In 1932, the Air Ministry issued Specification B.9/32 for a twin-engined day bomber with a challenging demand for "higher performance than any preceding bomber aircraft" and, among others, the Gloster Aviation Company responded with a mid-wing cantilever monoplane featuring all-metal stressed-skin construction, retractable landing gear, flaps, a powered dorsal gun turret, a ventral bomb bay and variable-pitch propellers. Like most of the companies tendering to B.9/32, Gloster's design featured the politically-favoured Rolls-Royce Goshawk 'evaporative' (steam cooled) engine but by the end of 1933 Gloster could see that the Goshawk engine would seriously degrade flight performance due to the larger then expected size of the condensors required to turn the steam vapour back into liquid.

Gloster's chief designer, Henry Folland, turned to his long-time friends at the Bristol Engine Company who were planning a new 14-cylinder twin-row sleeve valve radial engine as a development of their existing single-row Aquila engine by adding another row of cylinders and transforming it into the Bristol Taurus twin-row radial engine. With an anticipated power output of 1,000 hp and with very low weight, Folland quickly redesigned his bomber around two of the proposed Bristol Taurus engines and boldly reduced the crew from four to two by removing the defensive armanent and the bombardier's station. Folland briefed RAF and Air Ministry officials on his unarmed fast bomber and mainly due to the support of Edward Ellington, the Chief of the Air Staff, Folland was rewarded with a new Specification B.40/34 to cover his new design soon officially named as the Gloster Garrison. Ellington soon followed up this support with a production contract for 250 Gloster Garrison aircraft as part of 'Scheme F' an ambitious plan to increase the size of the Royal Air Force to 187 squadrons within three years to counter the threat from Hitler's Germany. Such was the dominance of "the bomber will always get through" strategy at the time that Ellington demanded five bomber squadrons for every two fighter squadrons and he saw that this unarmed fast bomber could play an important role in his expansion plans.

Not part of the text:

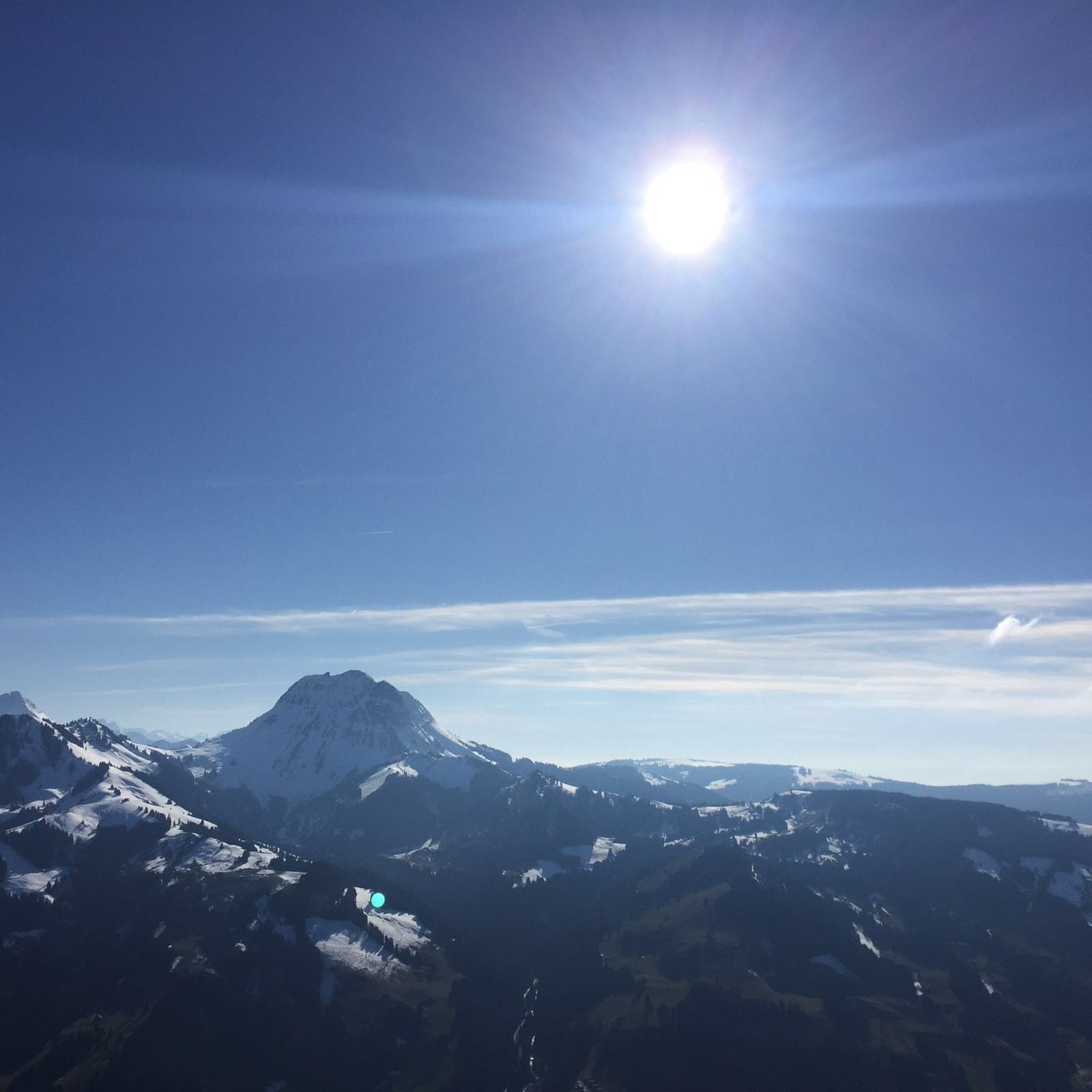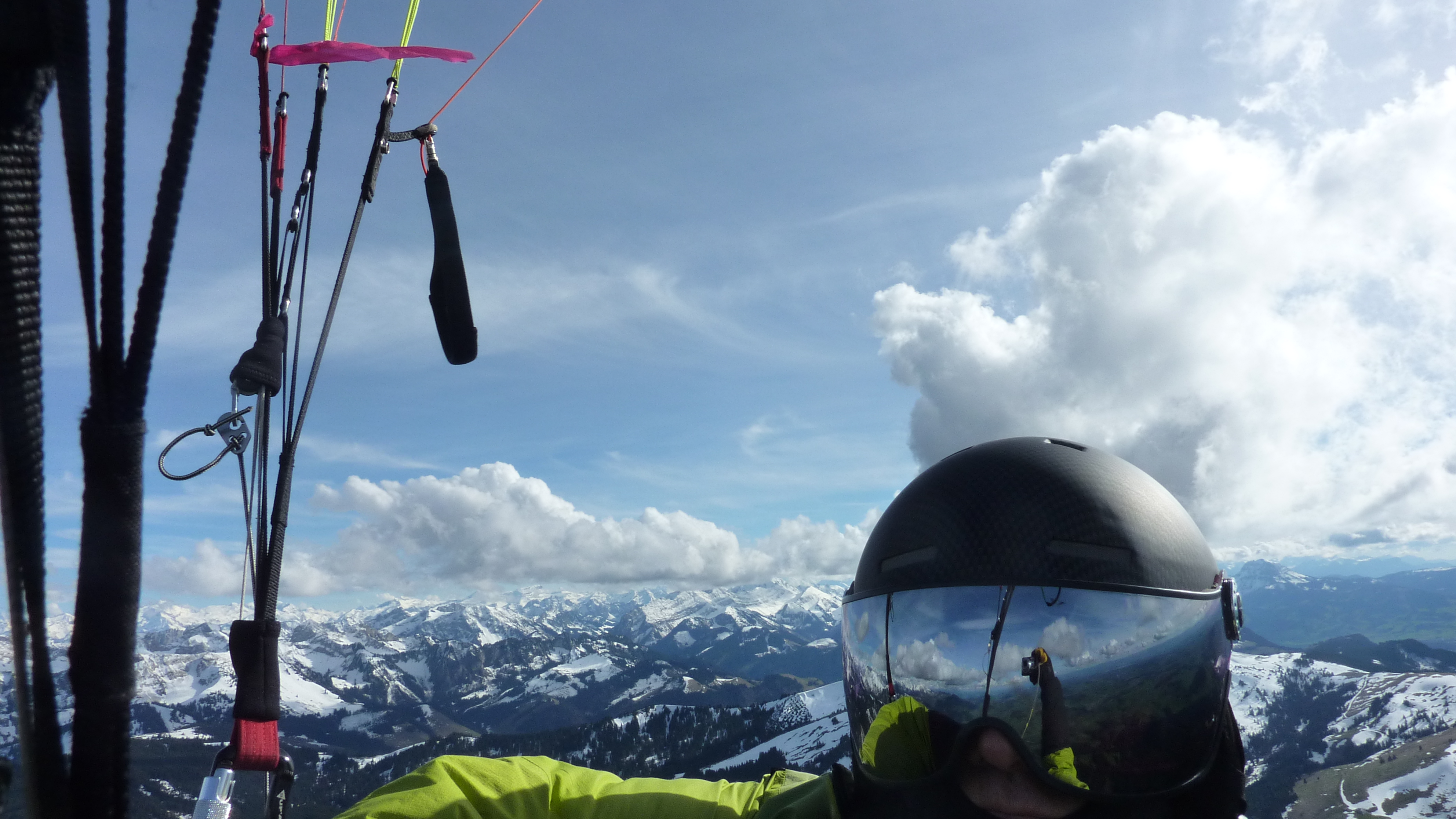 Bon l’euphorie sera pas longue, les plafonds ont presque tendance à baisser et les ombres à GROSSIR. On va quand même survolé des coins magnifique, tous un peu séparés, avant de se retrouvé ensemble en stand by à Lenk sous le Wildstrubel.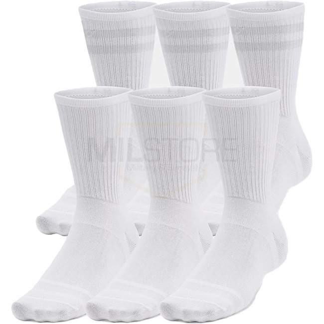 • Under Armour Essential Unisex 6-Pack Crew Socks - White / White / Halo Grey - M

With development of the airframe running slightly ahead of the Taurus engine, all Garrison prototypes were powered by two 840 hp Bristol Mercury VIII radial piston engines and these were good enough to demonstrate the aircraft's performance and handling and also that the design was a good bombing platform. With continued delays in the development of Taurus engine the first production aircraft retained the Bristol Mercury VIII engines and following the completion of handling trials, conducted at the Central Flying School at Upavon in Wiltshire, the Garrison B.I entered RAF squadron service with No.49 Squadron at Scampton in August 1937 and No.101 Squadron at Bircham Newton in October 1937.